The answer might be using "off the shelf parts only."
Which shelf?
I'd like something like car must be purchased from a dealership as sold to the public plus $100,000 to upgrade safety parts, pads, tires, fluids, etc but other than that exactly as made from factory. Get us more homologation specials.
BTW, while throwing all this around do away with qualifying.
Run the races with the starting line up set by reverse points. You lead the points series, you start last.
Or if you have so many participants that you must have qualifying to limit the field, run the qualifying heats reverse points.
Or you could have the starting position decided by pulling a numbered ping pong ball out of a bag. I know, really high tech.
Whoever came up with "You have the fastest car so you get to start in first place" anyway?
In reply to Driven5 who quoted :
...how do you reward creativity while preventing the larger checkbook from always winning?
...Can we design a modern, wide-open race series?
Thanks for isolating that.

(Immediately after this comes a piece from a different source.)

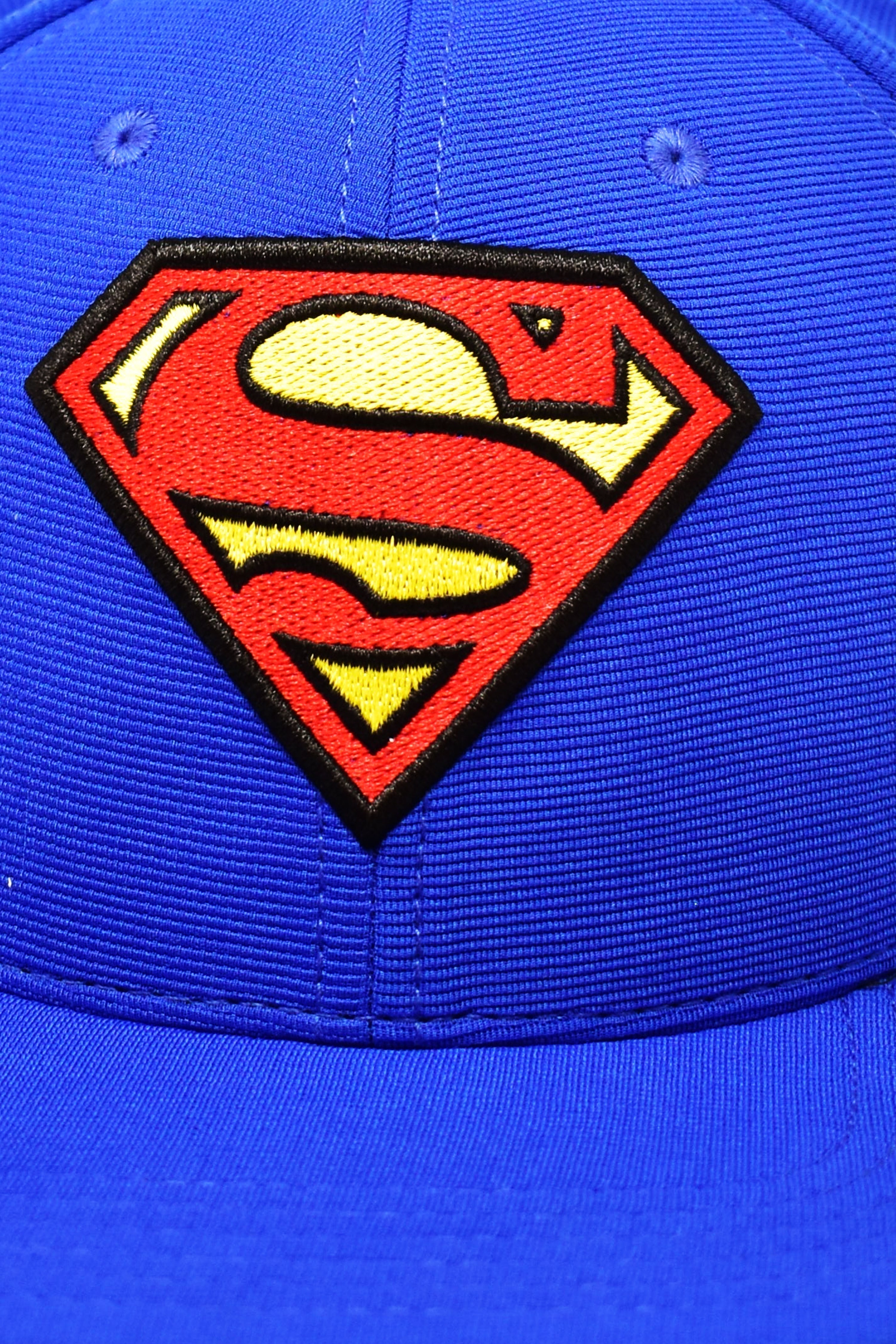 Product Color: Royal Blue, 3D embroidered SUPERMAN logo on the front side in black, red, and deep yellow

My thinking isn't entirely converged just yet, but seeing it that way has been clarifying for me.
I'll agree with most here, though, that "a modern, wide-open race series" isn't possible. Heck, even World Solar Challenge is a "limited series"... since they were "going too fast" beginning in 2005.
There's a linkage here, which I'm not certain has been made explicit: "an exciting, extensively creative, series is only possible and popular within an 'unlimited rules format'."
I don't think that's necessarily true. Although, I'll admit that any series that orients its marketing around "being the most diverse and creative series anywhere", is going to have an up-hill battle to fight. Which is not to imply that such is an unsurmountable challenge. Merely particularly difficult, in an already crowded space; one that's dominated by various organizations/entities claiming to be "preeminent" and/or "pinnacle" displays of motorsports.